The two headline promises – tax cuts and the JobMaker incentive for employers – will give positive jolts to the rental market and property investors, and provide more cash for those seeking loans to buy a home.
The Government left negative gearing and capital gains tax untouched. There was discussion within Opposition ranks at the last election of ending or paring back both incentives.
However, abandoning negative gearing would be a disaster for the rental market, creating a glut of properties for sale while increasing rents because of short supply – outcomes this budget has sought to avoid.
The Federal Government will invest in bolstering immigration, which has long been a significant influence on property values. The nation’s diminishing birth rate is regarded as a long-term threat to property values, so homeowners should welcome this move.
Another big play is the creation of an extra 10,000 places in the First Home Loan Deposit Scheme on condition that only new homes are purchased.

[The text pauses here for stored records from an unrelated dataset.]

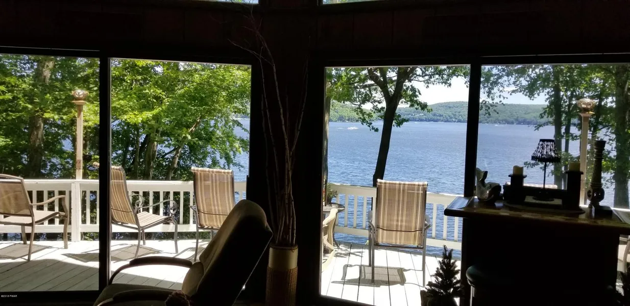 Lakefront Chalet in prestigious Lakeland Colony, with maintenance free vinyl cedar style siding. Easy Slope to lakefront from exit of basement sliders. Hardwood floors in great room with cozy fireplace. Great views of lake from both levels of house. EZ dock included with sale. This is a must see. Move in ready condition.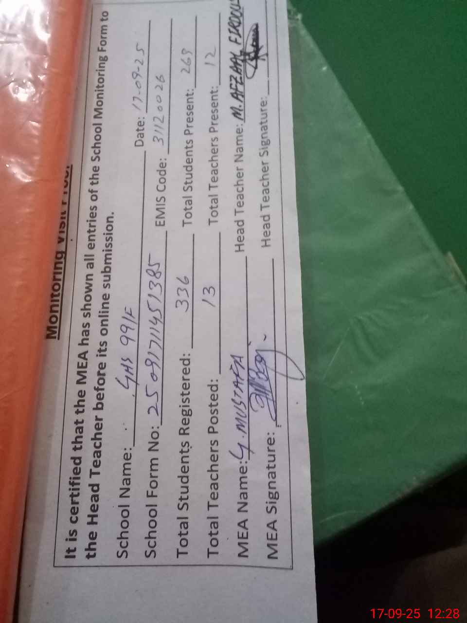 | Name: Af**** Ah**** Fi**** Designation: (School Headmaster's/Headmistress's) SHM Phone/Cell Number: 03**** |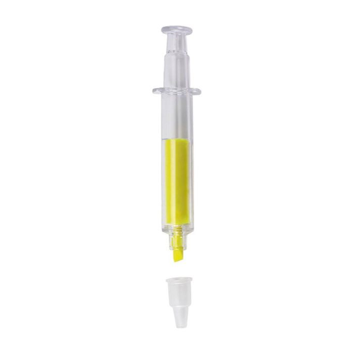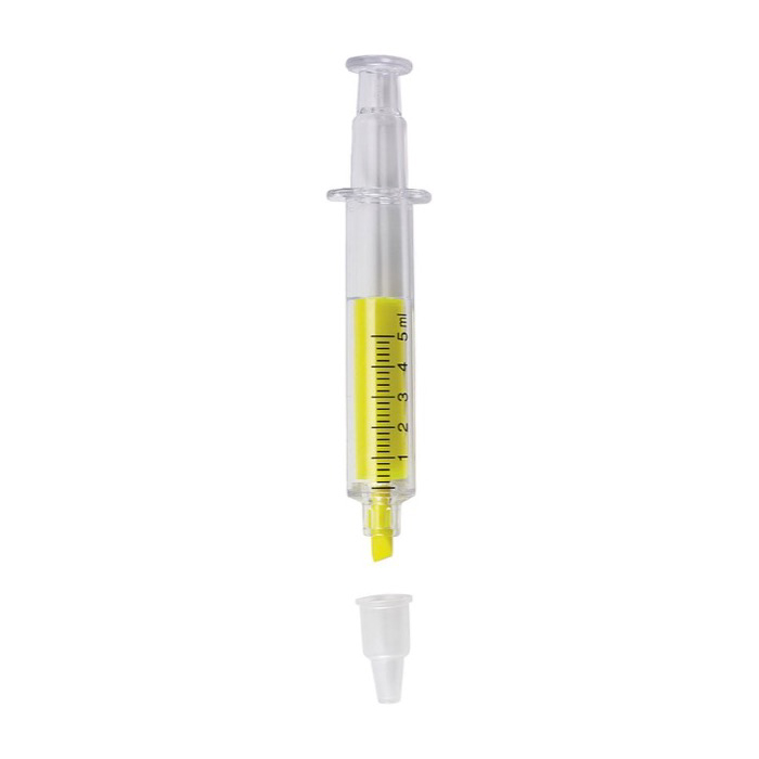 Evidenziatore originale a forma di siringa, realizzato in ABS. Aggiungi un tocco creativo alle tue presentazioni e evidenzia idee con design unico.

This is a boost for first-time buyers who already benefit from record-low interest rates, state government grants and stamp duty discounts.
The latest changes mean new buyers will need only a 5% deposit instead of the 20% that had been required to avoid lenders’ mortgage insurance. The Federal Government will guarantee up to 15% of the loan. These measures alone will contribute $800 million in economic activity, according to the budget papers.
It’s important to remember that encouraging first-time buyers fortifies all property values – all boats rise on a high, as they say.
There’s no extension to the $680 million HomeBuilder scheme, which was created earlier this year and promoted as a tradie-led recovery. Budget papers say it’s done its job but will support construction activity into next year.
The $5.5 billion small business package – one of the pillars of the budget – will undoubtedly help construction firms and those companies supplying services to the property sector.
There’s also good news for homeowners who provide accommodation to elderly family members or those who are disabled. No capital gains tax will now be applied to accommodation extensions such as a granny flat if the tax office accepts a formal written notice.
Here are some of the other highlights that serve to support the property market.
- No change to taxes relating to investment properties. Capital gains tax and negative gearing have been untouched – great news for homeowners and property investors.
- An additional $1 billion through the National Housing Finance and Investment Corporation to support the construction of affordable housing.
- Indigenous Business Australia to receive an additional $150 million for the Indigenous Home Ownership Program that will issue 360 construction loans in regional Australia.
- Additional funding for the Australian Bureau of Statistics, whose contribution to property data and the decision we all make based on its figures should not be underestimated.